Paul Krugman: Further Notes on ONE TRILLION DOLLARS

http://krugman.blogs.nytimes.com/2012/12/15/further-notes-on-one-trillion-dollars/

Mr. Krugman makes a good case that those who invoke the "$1 Trillion" argument about the budget don't know what they're talking about.



For starters, we need to be aware that we don’t need a balanced budget to have a stable fiscal situation; all we need is for debt to grow no faster than GDP. At the beginning of fiscal 2012, federal debt in the hands of the public was $10 trillion. Meanwhile, most estimates of long-run growth and inflation put them at a bit more than 2 and 2 respectively; so we can reasonably say that nominal GDP growth can be expected to be more than 4 percent per year. If debt grew at 4 percent, it would grow by $400 billion. So the deficit should be scaled down by that much.

That still leaves $700 billion. Where’s that coming from?

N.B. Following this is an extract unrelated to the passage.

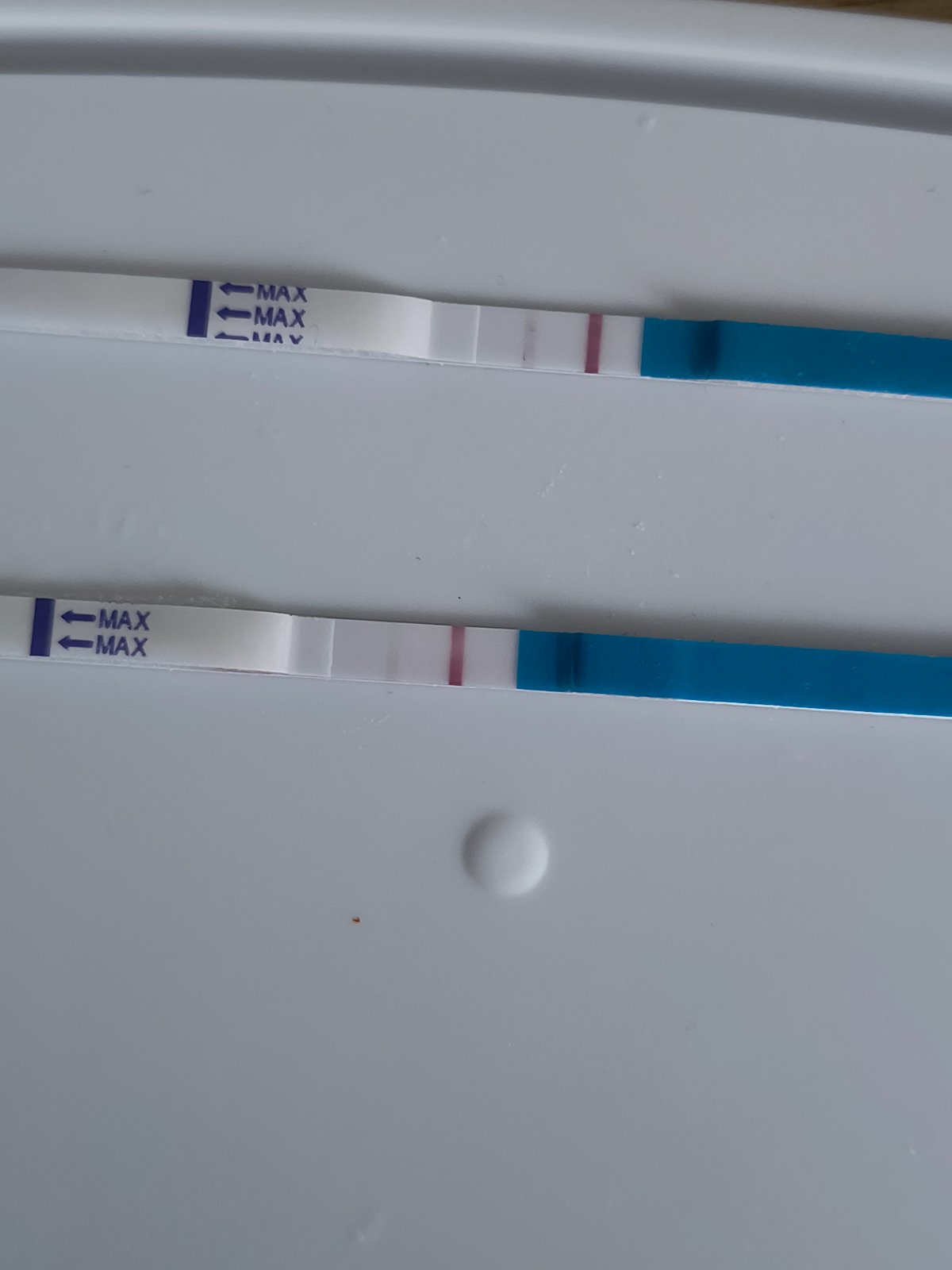 Ahojte, je mi dnes strašne blbo , teraz som si spravila test resp dva s rozdielom cca 10 min z dvoch rôznych balení. Pred dvoma mesiacmi som sekla meraním teploty, lebo mi to už udierali na mozog. A teraz toto podľa kalendára 6 dní do ms (22 deň cyklu). Horný je prvý, a spodný robený z ďalšieho moču max do 10 min
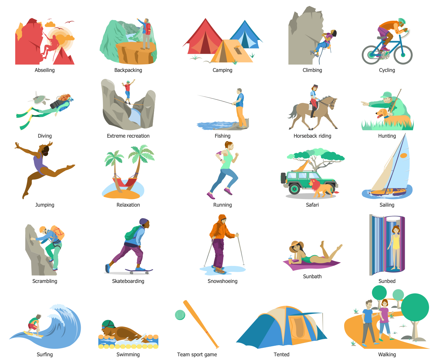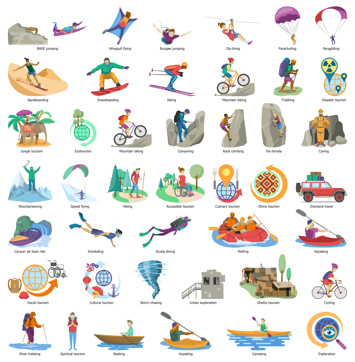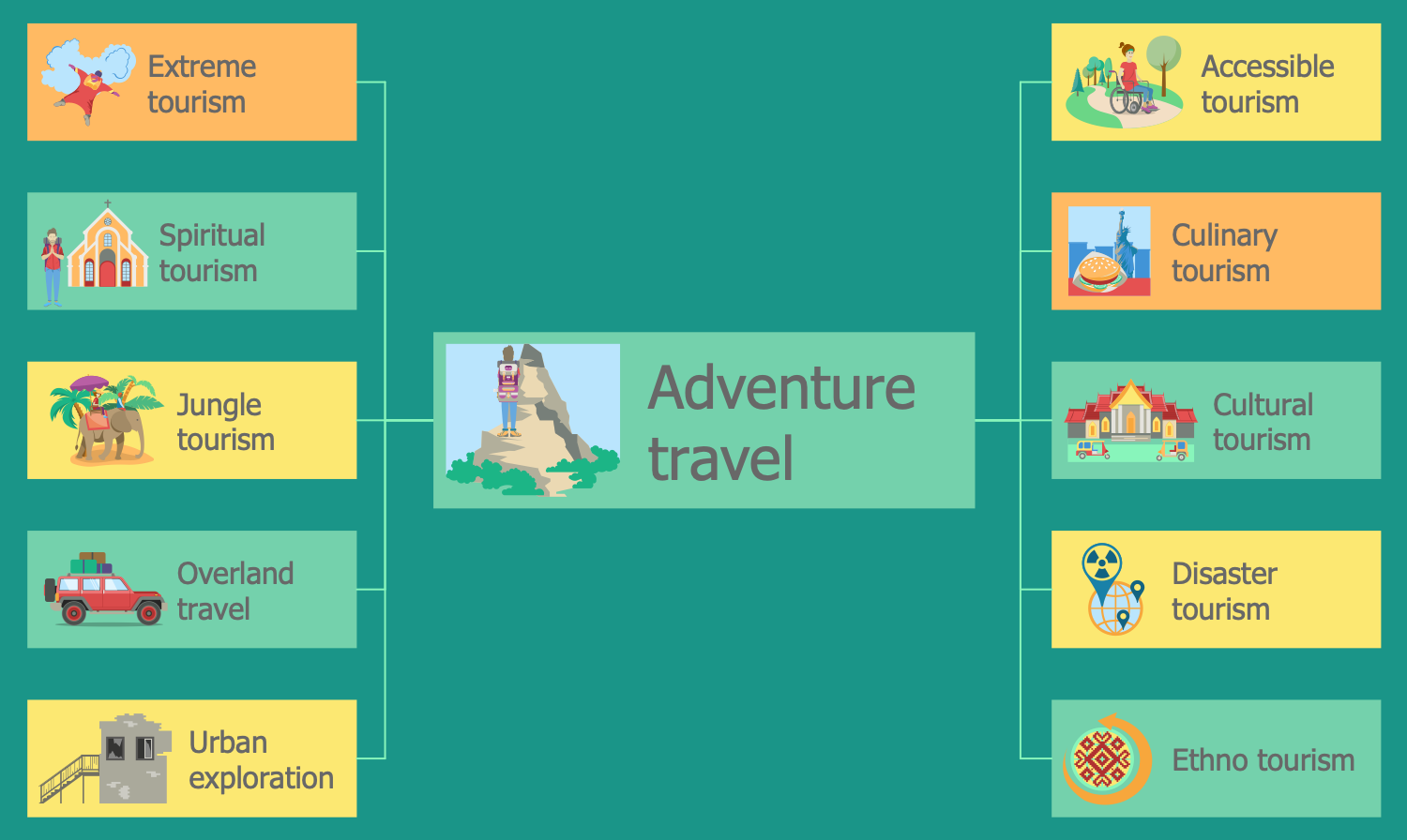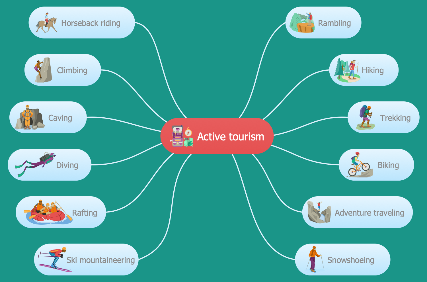This infographics sample is dedicated to active tourism and represents all variety of alternative tourism. It was designed in ConceptDraw DIAGRAM software in the form of a Mind Map with the “Active tourism” main topic and several branches surrounding it, which represent the following kinds of the active tourism: horseback riding, climbing, caving, diving, rafting, ski mountaineering, rambling, hiking, trekking, biking, adventure traveling, and snowshoeing. The alternative tourism is a fashionable modern term that appeared not so long ago but gains more popularity. At the moment it has already acquired a lot of fans and even was divided into several directions. Typically, it combines tourist products and tourist services that differ from traditional mass tourism and is its opposite. In most cases, the alternative tourism supposes the active tourism, it is developed according to the concepts and principles of the exploration or the committed tourism, introduces the travelers to the non-standard places and attractions, unique people and practices.

OK, revenues were $2.45 trillion, which was 15.7 percent of GDP, at $15.5 trillion. The CBO estimates, however, that potential GDP — what the economy would have produced at full employment — was $16.5 trillion over the same period. And if the economy had been at more or less full employment, we wouldn’t just have collected taxes on the additional income; historically, the tax share of GDP varies strongly with the business cycle. If the economy had been at potential and revenue had been a historically normal 18 percent of GDP, revenue would have been more than $500 billion more than it was; even if revenue had been only 17.5 percent, it would have been almost $450 billion more than it was.

Meanwhile, on the spending side, a large part of the rise in spending came from “income security” payments — in this case, basically unemployment insurance and food stamps — which surged due to high unemployment, but are already coming down. Here’s what happened:



...

Put these together: $400 billion that doesn’t increase the debt-GDP ratio; $450 billion or so in slump-related revenue loss; $150 billion or more in slump-related expenses; and guess what: the ONE TRILLION DOLLARS is basically just a depressed-economy story, having nothing to do with any fundamental mismatch between what we want and what we’re willing to pay.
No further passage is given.